Signed-off-by: yhmo <yihua.mo@zilliz.com>
---
 internal/util/importutil/numpy_adapter.go | 67 +++++++++++++++++------
 1 file changed, 51 insertions(+), 16 deletions(-)

diff --git a/internal/util/importutil/numpy_adapter.go b/internal/util/importutil/numpy_adapter.go
index b5a89086eb..17c6832717 100644
--- a/internal/util/importutil/numpy_adapter.go
+++ b/internal/util/importutil/numpy_adapter.go
@@ -561,9 +561,26 @@ func (n *NumpyAdapter) ReadString(count int) ([]string, error) {
 		return nil, errors.New("numpy reader is nil")
 	}
 
+	// read string one by one is not efficient, here we read strings batch by batch, each bach size is no more than 16MB
+	batchRead := 1 // rows of each batch, make sure this value is equal or greater than 1
+	if utf {
+		batchRead += SingleBlockSize / (utf8.UTFMax * maxLen)
+	} else {
+		batchRead += SingleBlockSize / maxLen
+	}
+
+	log.Info("Numpy adapter: prepare to read varchar batch by batch",
+		zap.Int("readSize", readSize), zap.Int("batchRead", batchRead))
+
 	// read data
 	data := make([]string, 0)
-	for i := 0; i < readSize; i++ {
+	for {
+		// the last batch
+		readDone := len(data)
+		if readDone+batchRead > readSize {
+			batchRead = readSize - readDone
+		}
+
 		if utf {
 			// in the numpy file with utf32 encoding, the dType could be like "<U2",
 			// "<" is byteorder(LittleEndian), "U" means it is utf32 encoding, "2" means the max length of strings is 2(characters)

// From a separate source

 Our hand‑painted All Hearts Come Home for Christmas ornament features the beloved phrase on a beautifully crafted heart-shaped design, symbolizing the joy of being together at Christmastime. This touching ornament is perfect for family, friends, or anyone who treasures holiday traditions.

@@ -572,36 +589,54 @@ func (n *NumpyAdapter) ReadString(count int) ([]string, error) {
 			// the character "a" occupys 2*4=8 bytes(0x97,0x00,0x00,0x00,0x00,0x00,0x00,0x00),
 			// the "bb" occupys 8 bytes(0x97,0x00,0x00,0x00,0x98,0x00,0x00,0x00)
 			// for non-ascii characters, the unicode could be 1 ~ 4 bytes, each character occupys 4 bytes, too
-			raw, err := ioutil.ReadAll(io.LimitReader(n.reader, utf8.UTFMax*int64(maxLen)))

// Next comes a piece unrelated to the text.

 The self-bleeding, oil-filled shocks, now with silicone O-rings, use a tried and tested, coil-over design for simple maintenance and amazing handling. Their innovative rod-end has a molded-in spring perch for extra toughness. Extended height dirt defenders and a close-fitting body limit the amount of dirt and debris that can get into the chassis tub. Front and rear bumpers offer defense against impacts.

+			raw, err := ioutil.ReadAll(io.LimitReader(n.reader, utf8.UTFMax*int64(maxLen)*int64(batchRead)))
 			if err != nil {
-				log.Warn("Numpy adapter: failed to read utf32 bytes from numpy file", zap.Int("i", i), zap.Error(err))
+				log.Warn("Numpy adapter: failed to read utf32 bytes from numpy file",
+					zap.Int("readDone", readDone), zap.Error(err))

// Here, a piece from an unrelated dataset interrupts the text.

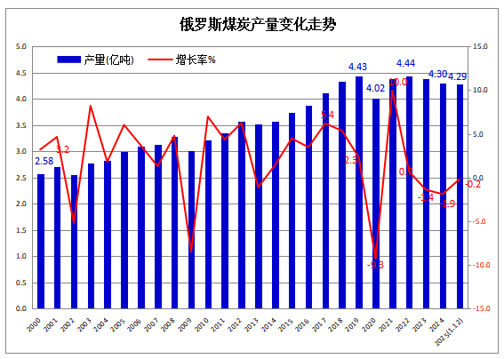 据俄罗斯联邦统计局(Росстата)2月6日发布的工业生产统计月报数据显示,2025年1-12月,俄罗斯煤炭产量累计为4.29亿吨,较上年同期基本持平,微降0.2%。

 				return nil, fmt.Errorf("failed to read utf32 bytes from numpy file, error: %w", err)
 			}
 
-			str, err := decodeUtf32(raw, n.order)
-			if err != nil {
-				log.Warn("Numpy adapter: failed todecode utf32 bytes", zap.Int("i", i), zap.Error(err))
-				return nil, fmt.Errorf("failed to decode utf32 bytes, error: %w", err)
-			}
+			// read string one by one from the buffer
+			for j := 0; j < batchRead; j++ {
+				str, err := decodeUtf32(raw[j*utf8.UTFMax*maxLen:(j+1)*utf8.UTFMax*maxLen], n.order)
+				if err != nil {
+					log.Warn("Numpy adapter: failed todecode utf32 bytes",
+						zap.Int("position", readDone+j), zap.Error(err))
+					return nil, fmt.Errorf("failed to decode utf32 bytes, error: %w", err)
+				}
 
-			data = append(data, str)
+				data = append(data, str)
+			}
 		} else {
 			// in the numpy file with ansi encoding, the dType could be like "S2", maxLen is 2, each string occupys 2 bytes
 			// bytes.Index(buf, []byte{0}) tell us which position is the end of the string
-			buf, err := ioutil.ReadAll(io.LimitReader(n.reader, int64(maxLen)))
+			buf, err := ioutil.ReadAll(io.LimitReader(n.reader, int64(maxLen)*int64(batchRead)))
 			if err != nil {
-				log.Warn("Numpy adapter: failed to read ascii bytes from numpy file", zap.Int("i", i), zap.Error(err))
+				log.Warn("Numpy adapter: failed to read ascii bytes from numpy file",
+					zap.Int("readDone", readDone), zap.Error(err))
 				return nil, fmt.Errorf("failed to read ascii bytes from numpy file, error: %w", err)
 			}
-			n := bytes.Index(buf, []byte{0})
-			if n > 0 {
-				buf = buf[:n]
-			}
 
-			data = append(data, string(buf))
+			// read string one by one from the buffer
+			for j := 0; j < batchRead; j++ {
+				oneBuf := buf[j*maxLen : (j+1)*maxLen]
+				n := bytes.Index(oneBuf, []byte{0})
+				if n > 0 {
+					oneBuf = oneBuf[:n]
+				}
+
+				data = append(data, string(oneBuf))
+			}
+		}
+
+		// quit the circle if specified size is read
+		if len(data) >= readSize {
+			break
 		}
 	}
 
+	log.Info("Numpy adapter: a block of varchar has been read", zap.Int("rowCount", len(data)))
+
 	// update read position after successfully read
 	n.readPosition += readSize